#### What you are asked to do
Write out the records in full, exactly as given, but without the images.

#### Extracted material
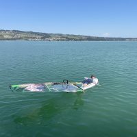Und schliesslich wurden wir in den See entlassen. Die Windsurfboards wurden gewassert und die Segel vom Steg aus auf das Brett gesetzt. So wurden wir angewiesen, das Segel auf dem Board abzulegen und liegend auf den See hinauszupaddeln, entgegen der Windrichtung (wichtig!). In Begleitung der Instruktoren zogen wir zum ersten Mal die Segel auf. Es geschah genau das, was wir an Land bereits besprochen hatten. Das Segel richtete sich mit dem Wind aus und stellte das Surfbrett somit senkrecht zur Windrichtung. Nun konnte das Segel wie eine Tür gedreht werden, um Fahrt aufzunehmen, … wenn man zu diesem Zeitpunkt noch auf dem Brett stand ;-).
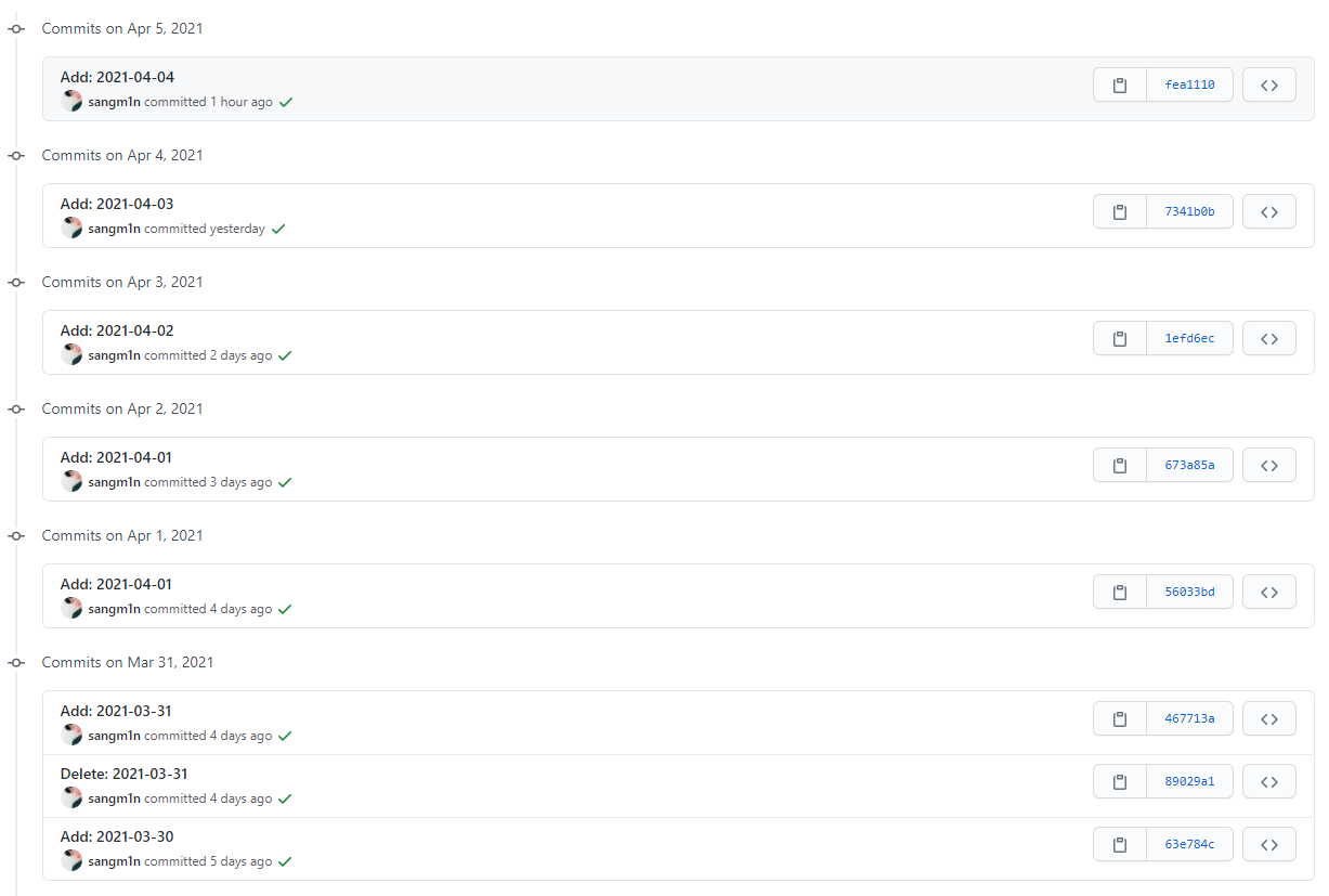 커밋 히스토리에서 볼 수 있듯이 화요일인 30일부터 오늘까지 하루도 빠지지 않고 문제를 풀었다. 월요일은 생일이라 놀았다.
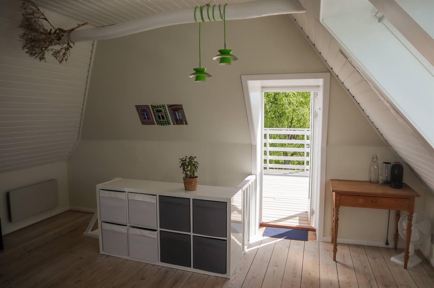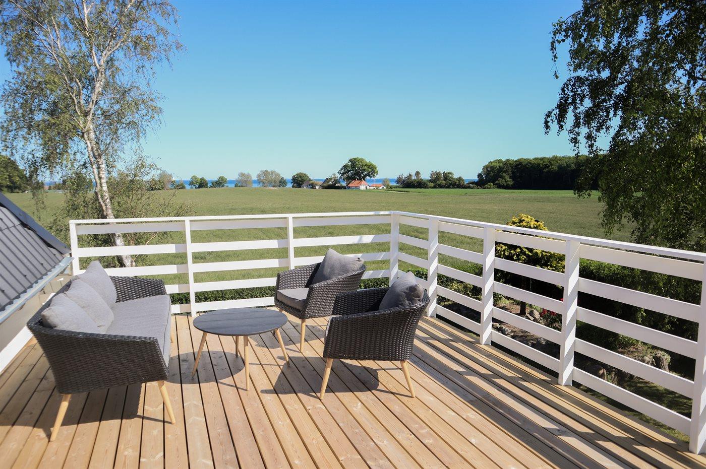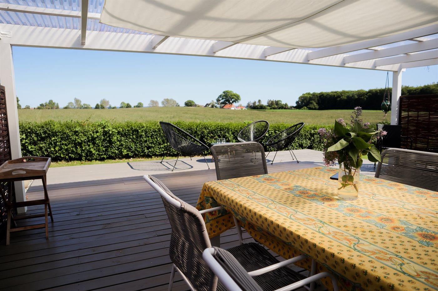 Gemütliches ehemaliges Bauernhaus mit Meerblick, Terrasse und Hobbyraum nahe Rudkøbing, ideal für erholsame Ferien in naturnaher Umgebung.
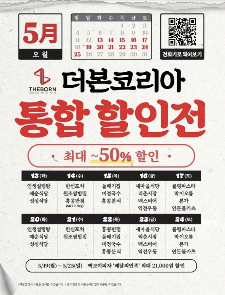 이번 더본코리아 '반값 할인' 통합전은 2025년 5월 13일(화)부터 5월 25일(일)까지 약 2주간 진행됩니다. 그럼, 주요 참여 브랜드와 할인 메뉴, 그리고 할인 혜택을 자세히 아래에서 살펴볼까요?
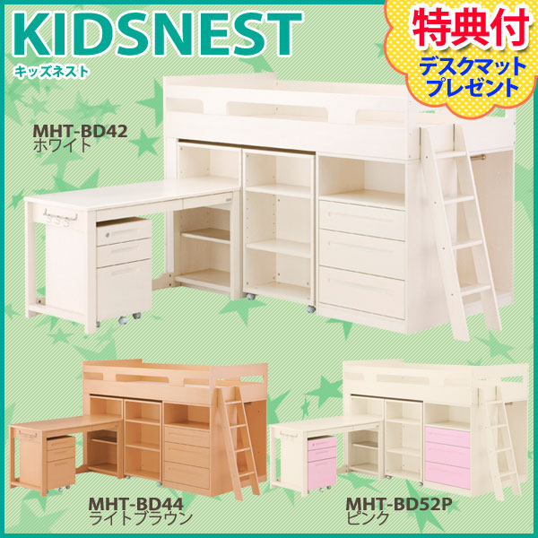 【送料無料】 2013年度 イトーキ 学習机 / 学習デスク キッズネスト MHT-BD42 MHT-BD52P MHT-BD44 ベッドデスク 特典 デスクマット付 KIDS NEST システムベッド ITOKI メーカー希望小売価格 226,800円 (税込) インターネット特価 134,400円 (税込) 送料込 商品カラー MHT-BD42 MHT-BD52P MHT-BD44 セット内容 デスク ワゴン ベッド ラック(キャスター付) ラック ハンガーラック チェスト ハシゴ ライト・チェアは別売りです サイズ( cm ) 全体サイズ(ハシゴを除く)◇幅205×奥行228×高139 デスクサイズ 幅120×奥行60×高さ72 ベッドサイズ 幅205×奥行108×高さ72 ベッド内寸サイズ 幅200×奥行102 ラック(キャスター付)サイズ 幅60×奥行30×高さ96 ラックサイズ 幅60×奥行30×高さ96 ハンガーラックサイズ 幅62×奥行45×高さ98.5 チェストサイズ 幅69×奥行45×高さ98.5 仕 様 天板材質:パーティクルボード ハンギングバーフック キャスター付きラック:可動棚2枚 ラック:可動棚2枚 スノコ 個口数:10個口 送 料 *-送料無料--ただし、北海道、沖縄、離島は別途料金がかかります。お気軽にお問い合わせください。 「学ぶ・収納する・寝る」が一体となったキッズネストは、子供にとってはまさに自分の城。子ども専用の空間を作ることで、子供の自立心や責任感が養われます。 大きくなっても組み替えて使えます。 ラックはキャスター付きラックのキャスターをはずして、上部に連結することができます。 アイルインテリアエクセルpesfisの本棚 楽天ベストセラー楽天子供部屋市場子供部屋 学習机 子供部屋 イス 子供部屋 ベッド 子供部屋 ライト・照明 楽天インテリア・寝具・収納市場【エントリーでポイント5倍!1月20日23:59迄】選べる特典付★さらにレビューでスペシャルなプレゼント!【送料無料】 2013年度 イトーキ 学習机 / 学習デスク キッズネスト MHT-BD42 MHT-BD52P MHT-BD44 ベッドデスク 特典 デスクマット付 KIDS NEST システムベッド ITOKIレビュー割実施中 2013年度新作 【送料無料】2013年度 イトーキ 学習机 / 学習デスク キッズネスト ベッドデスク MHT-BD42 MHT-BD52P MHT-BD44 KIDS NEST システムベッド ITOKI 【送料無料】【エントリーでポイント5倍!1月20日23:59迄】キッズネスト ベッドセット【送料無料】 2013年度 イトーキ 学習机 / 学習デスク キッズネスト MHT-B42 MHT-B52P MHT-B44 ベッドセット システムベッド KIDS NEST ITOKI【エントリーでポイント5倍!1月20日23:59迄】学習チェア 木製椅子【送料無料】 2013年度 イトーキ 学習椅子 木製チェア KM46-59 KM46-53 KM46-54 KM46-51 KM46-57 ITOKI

#### Output
Und schliesslich wurden wir in den See entlassen. Die Windsurfboards wurden gewassert und die Segel vom Steg aus auf das Brett gesetzt. So wurden wir angewiesen, das Segel auf dem Board abzulegen und liegend auf den See hinauszupaddeln, entgegen der Windrichtung (wichtig!). In Begleitung der Instruktoren zogen wir zum ersten Mal die Segel auf. Es geschah genau das, was wir an Land bereits besprochen hatten. Das Segel richtete sich mit dem Wind aus und stellte das Surfbrett somit senkrecht zur Windrichtung. Nun konnte das Segel wie eine Tür gedreht werden, um Fahrt aufzunehmen, … wenn man zu diesem Zeitpunkt noch auf dem Brett stand ;-).
 커밋 히스토리에서 볼 수 있듯이 화요일인 30일부터 오늘까지 하루도 빠지지 않고 문제를 풀었다. 월요일은 생일이라 놀았다.
 Gemütliches ehemaliges Bauernhaus mit Meerblick, Terrasse und Hobbyraum nahe Rudkøbing, ideal für erholsame Ferien in naturnaher Umgebung.
 이번 더본코리아 '반값 할인' 통합전은 2025년 5월 13일(화)부터 5월 25일(일)까지 약 2주간 진행됩니다. 그럼, 주요 참여 브랜드와 할인 메뉴, 그리고 할인 혜택을 자세히 아래에서 살펴볼까요?
 【送料無料】 2013年度 イトーキ 学習机 / 学習デスク キッズネスト MHT-BD42 MHT-BD52P MHT-BD44 ベッドデスク 特典 デスクマット付 KIDS NEST システムベッド ITOKI メーカー希望小売価格 226,800円 (税込) インターネット特価 134,400円 (税込) 送料込 商品カラー MHT-BD42 MHT-BD52P MHT-BD44 セット内容 デスク ワゴン ベッド ラック(キャスター付) ラック ハンガーラック チェスト ハシゴ ライト・チェアは別売りです サイズ( cm ) 全体サイズ(ハシゴを除く)◇幅205×奥行228×高139 デスクサイズ 幅120×奥行60×高さ72 ベッドサイズ 幅205×奥行108×高さ72 ベッド内寸サイズ 幅200×奥行102 ラック(キャスター付)サイズ 幅60×奥行30×高さ96 ラックサイズ 幅60×奥行30×高さ96 ハンガーラックサイズ 幅62×奥行45×高さ98.5 チェストサイズ 幅69×奥行45×高さ98.5 仕 様 天板材質:パーティクルボード ハンギングバーフック キャスター付きラック:可動棚2枚 ラック:可動棚2枚 スノコ 個口数:10個口 送 料 *-送料無料--ただし、北海道、沖縄、離島は別途料金がかかります。お気軽にお問い合わせください。 「学ぶ・収納する・寝る」が一体となったキッズネストは、子供にとってはまさに自分の城。子ども専用の空間を作ることで、子供の自立心や責任感が養われます。 大きくなっても組み替えて使えます。 ラックはキャスター付きラックのキャスターをはずして、上部に連結することができます。 アイルインテリアエクセルpesfisの本棚 楽天ベストセラー楽天子供部屋市場子供部屋 学習机 子供部屋 イス 子供部屋 ベッド 子供部屋 ライト・照明 楽天インテリア・寝具・収納市場【エントリーでポイント5倍!1月20日23:59迄】選べる特典付★さらにレビューでスペシャルなプレゼント!【送料無料】 2013年度 イトーキ 学習机 / 学習デスク キッズネスト MHT-BD42 MHT-BD52P MHT-BD44 ベッドデスク 特典 デスクマット付 KIDS NEST システムベッド ITOKIレビュー割実施中 2013年度新作 【送料無料】2013年度 イトーキ 学習机 / 学習デスク キッズネスト ベッドデスク MHT-BD42 MHT-BD52P MHT-BD44 KIDS NEST システムベッド ITOKI 【送料無料】【エントリーでポイント5倍!1月20日23:59迄】キッズネスト ベッドセット【送料無料】 2013年度 イトーキ 学習机 / 学習デスク キッズネスト MHT-B42 MHT-B52P MHT-B44 ベッドセット システムベッド KIDS NEST ITOKI【エントリーでポイント5倍!1月20日23:59迄】学習チェア 木製椅子【送料無料】 2013年度 イトーキ 学習椅子 木製チェア KM46-59 KM46-53 KM46-54 KM46-51 KM46-57 ITOKI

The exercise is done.